After five rounds of competition with a bevy of literary dreamboats duking it out, a new champion has been named. And Great Scot, he is hot.

In round one, he triumphed over poetic icon Dr. Yuri Zhivago. Round two saw him take on the legend in a reindeer jumper, Bridget Jones’s Mark Darcy. He had twice his work cut out for him in round three as he faced Little Women’s Professor Bhaer and After You’s Ambulance Sam, and in round four, he overruled Something Borrowed lawyer Dex Thaler. The final matchup wasn’t easy. Two-time semi-finalist and literary hunk to rule all literary hunks Fitzwilliam Darcy has never been one to go down without a fight. But in the end, it was a landslide victory. It looks like Darcy will have to settle for being runner-up for the second year in a row, because the 2018 Book Perfume Champion of Hunks is….

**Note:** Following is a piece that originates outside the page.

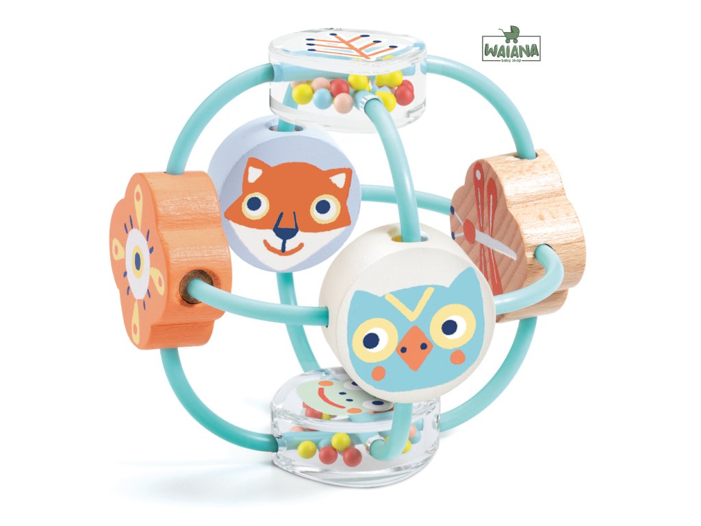 Hrkálka Lesné zvieratá Hrkálka v tvare lopty S maľovanými drevenými a priehľadnými plastovými korálkami na ľahkej kovovej konštrukcii. Pri trasení hrkálkou guľôčky v korálkach hrkajú. Dieťa dokáže hrkálku dobre uchopiť Baby white je kolekcia rozvíjajúcich hračiek koncipovaných ako milé, harmonické a jedinečné produkty. Vyznačuje sa výrazným podielom prírodného dreva a jemných farieb. Kolekciu navrhuje Christophe Gilet, jeden z top dizajnérov drevených hračiek. Pre Djeco je dlhoročná spolupráca s ním veľkou cťou!Odporúčaný vek: 3+ mesiacovRozmery: 10 x 10 x 10 cm

::::Drum(s of Autumn)roll please::::

Roger Jeremiah Wakefield MacKenzie!

That’s right, friends. Once again, this distinguished honor has gone to an Outlander hunk—only this time, it’s a comeback kid who just last year was knocked out during the second round of competition. One might say it’s the Return of the Mac, and I’m sure our 2017 Champion, Jamie Fraser, is happy to hand off this honor to the son of his house.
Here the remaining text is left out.